Crypto ATMs: What They Are and Why They're a Total Scam

This ain't some isolated incident. The D.C. Attorney General is now suing Athena Bitcoin, alleging that a staggering 93% of all deposits made through their ATMs are linked to scams, a case that highlights how Bitcoin ATMs enable cryptocurrency scams, federal prosecutor alleges. Let me repeat that: ninety-three percent. And for facilitating this rampant fraud, Athena allegedly charges fees of up to 26% per transaction.

This is a bad business model. No, "bad" doesn't cover it—this is a five-alarm dumpster fire of predatory capitalism. These companies aren't just allowing fraud to happen; their profits seem to be directly dependent on it. They put up a few flimsy warnings on the screen, which everyone knows victims are coached by scammers to ignore, and then they wash their hands of it while collecting a fat percentage. And when they get sued, they release a statement saying they “strongly disagree with the allegations” and have “aggressive safety protocols.” Aggressive protocols that somehow let 93% of scam deposits go through? Give me a break.
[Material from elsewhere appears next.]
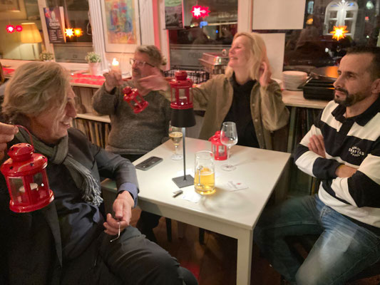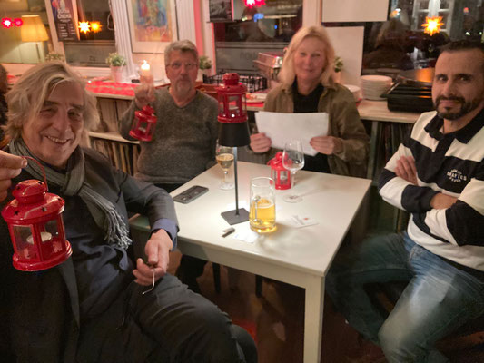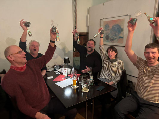 Dann die Ergebnisse: Die rote Laterne erkämpften sich Eddi, Ahmed, Matthias und Stefan K.. Langsam wurde es spannend – dann großer Jubel! Ronja, Jonas, Kai, Sebastian und Udo strahlten; sie waren die Schlauesten und freuten sich über den Siegerpreis: eine Tüte Salzheringe aus Lakritz (in Anlehnung an die Stecknitzfahrer) und eine Flasche Champagner – diese allerdings mehr symbolisch in Form eines Anhängers für den Weihnachtsbaum. Leider hat Reinhard vergessen, die von Anni so schön entworfenen Urkunden zu übergeben. Dies wird selbstverständlich feierlich nachgeholt. Für den phantasievollsten Tischnamen gab es einen kleinen Extrapreis; glänzen konnten Johanna, Hinrich Kählert, Hinrich Kluge, Chris und Martin: Team Spartakus.
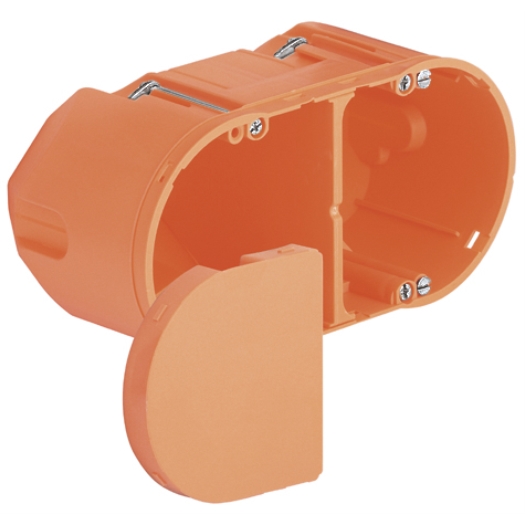 - Tunnel-Zweikammerdose mit beiliegender Trennwand und tapezierfähiger Abdeckung (zur Reduzierung von Schaltgeräuschen), kann die Abdeckung um 180° gewendet und verspachtelt werden

I once had a regular bank ATM in a bodega eat my card, and the bank had it back to me in two days with a dozen apologies. That felt like a minor inconvenience. This crypto ATM business feels like a calculated mugging where the company that owns the alley gets a cut.

The scams are getting more creative, too. In Massachusetts, people are losing thousands to a "missed jury duty" scam. The FBI reported that elderly Americans lost nearly $3 billion to crypto fraud in 2024. These machines are the perfect weapon to aim at the most vulnerable people in our society. They create a sense of urgency and technological confusion that scammers exploit with brutal efficiency.

So, What's the Point of These Things, Anyway?

This brings me to the fundamental question I can’t shake: who are crypto ATMs actually for?

The sales pitch was always about financial inclusion, about “banking the unbanked.” What a load of crap. How are you “including” someone by charging them a 20% fee to turn their cash into a digital asset they probably don’t understand and can’t easily spend? It’s the opposite of inclusion. It’s a poverty trap with a slick, tech-bro veneer.

The real customers, it seems, are criminals and their victims. One group needs a way to receive and launder money with minimal oversight, and the other is coerced into using a system they can’t comprehend. The crypto ATM operator sits right in the middle, happily taking a piece from every fraudulent transaction.

Maybe I'm just getting old and cynical. Maybe there's some utopian, legitimate use case for these crypto atm machines that I'm just not seeing. Perhaps there’s a massive, untapped market of people who desperately want to buy Bitcoin at a gas station and are happy to pay a fee that would make a payday lender blush. But I doubt it. Then again, maybe I'm the crazy one here.

The truth is, these things exist in a gray area of regulation, and operators have exploited that for years. Now that regulators are finally waking up, their response is to levy fines that amount to little more than a slap on the wrist. It’s a signal that they see the problem, but they don’t have the guts—or perhaps the legal framework—to do what Spokane and New Zealand did. They won’t just pull the plug on the whole racket. And until they do, the stories like Diane Reynolds’ will just keep on coming.

It's Not a Bug, It's the Feature

Let's stop pretending. The scams, the insane fees, the exploitation of the elderly—these aren't unfortunate side effects of the Bitcoin ATM industry. They are the industry. The whole model is built on friction, confusion, and desperation. Fining these companies is like fining a casino because people lose money. It’s what the machine was designed to do. The grift is the entire point.